Oh! Como tenho inveja!

     Continuo na agradável companhia de Mario Quintana. Estou terminando de ler Da preguiça como método de trabalho, depois de reler, dele, Velório sem defunto, Porta giratória e Preparativos de viagem.
     Não nego: Oh! como tenho inveja! Inveja de quê? De dizer, como o Quintana, coisas assim, na simplicidade de sua prosa, irônica e profunda:     
     Eternidade - "A eternidade é um relógio sem ponteiros."
     O cão - "Amigo e grande puxa-saco do homem." 
     Horas - "Nunca perguntes que horas são na presença de um defunto." 
     Covardia - "É uma covardia falar mal dos inimigos; só se deve falar mal dos amigos." 
     A lua - "Que haverá com a lua - sempre que a gente a olha - é com o súbito espanto da primeira vez." 
     Estrelas - "No campo as estrelas brilham.

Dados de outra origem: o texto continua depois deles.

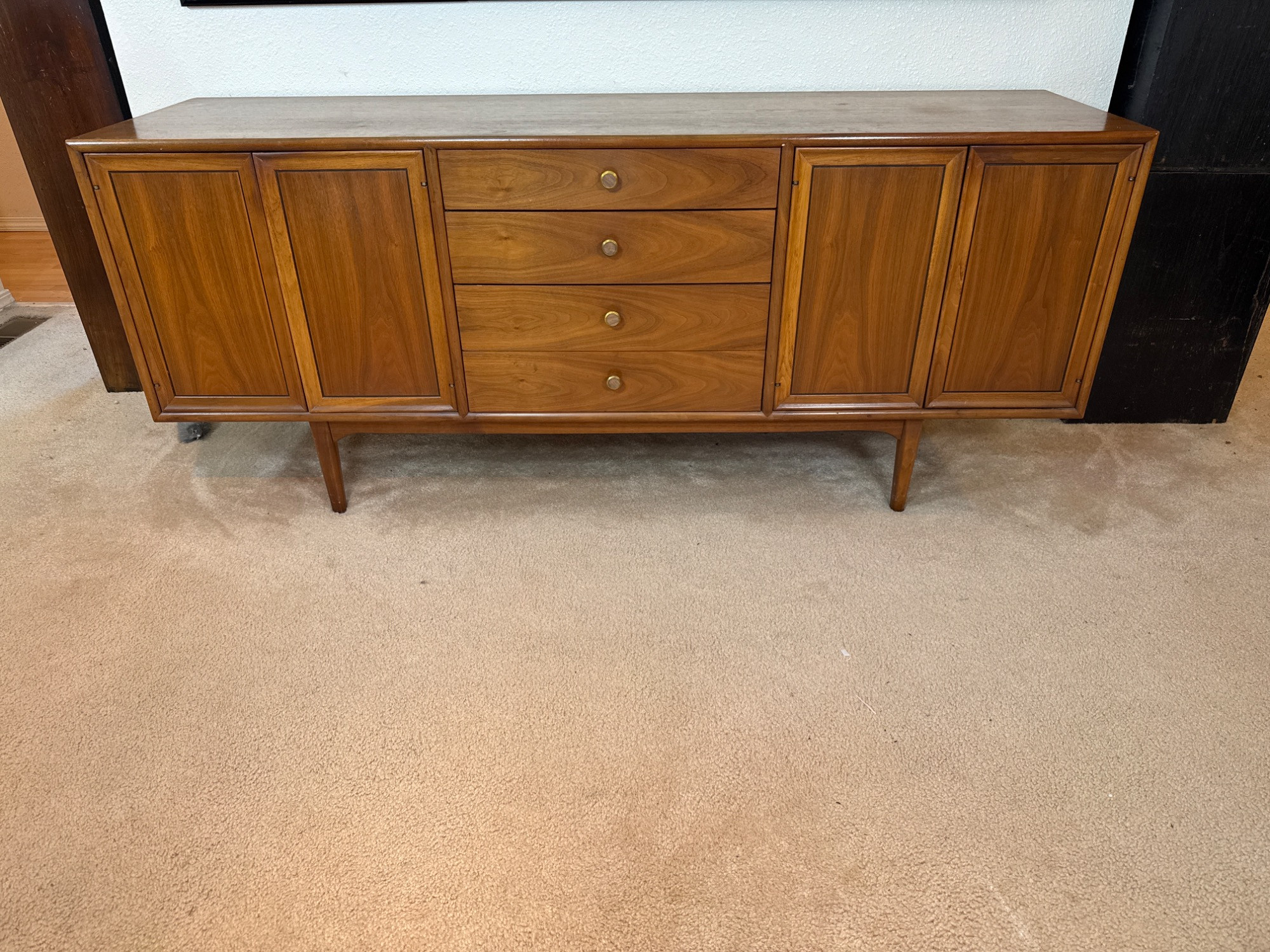 MCM danish sideboard. Drexel declaration. Solid Wood. Comps suggest it is walnut. Four drawers with brass knobs. Spring action doors. Each side cabinet includes lighting. One needs a new bulb. Top drawer is lined with felt. Dovetail construction HEAVY, bring help to load. No stairwells to traverse.
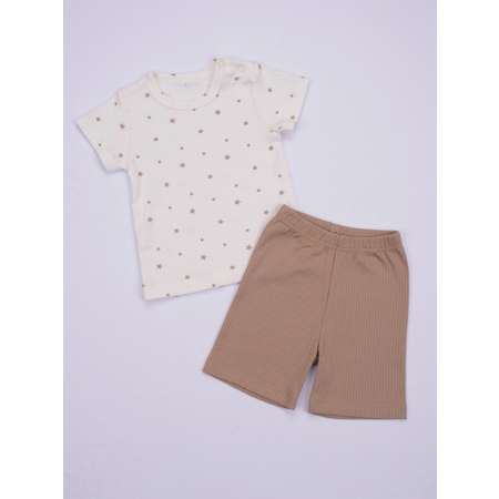 Комплект одежды из трикотажного полотна - интерлок в рубчик. Легкая футболочка с короткими рукавами и застежкой в плече. Удобные шорты без боковых швов.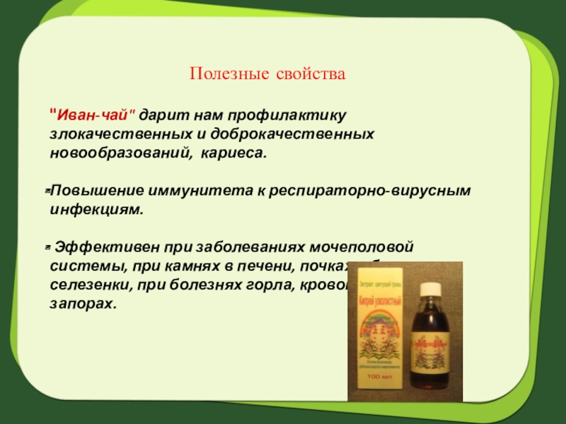 Слайд 8"Иван-чай" дарит нам профилактику злокачественных и доброкачественных новообразований, кариеса.

Na cidade, as estrelas ardem." 
     Modéstia - "A modéstia é a vaidade escondica atrás da porta."
     Passado - "O passado não reconhece o seu lugar: está sempre presente." 
     Tic-tac - "Esse tic-tax dos relógios é a máquina de costura do Tempo a fabricar mortalhas." 
     Para Catulo da Paixão Cearense, esse Epitáfio - " Catulo não morreu: luarizou-se."
     Poetas - "Eis que, tendo Deus descansado no sétimo dia, os poetas continuaram a obra da Criação." 
     Luar - "O luar é a luz do sol que está sonhado..."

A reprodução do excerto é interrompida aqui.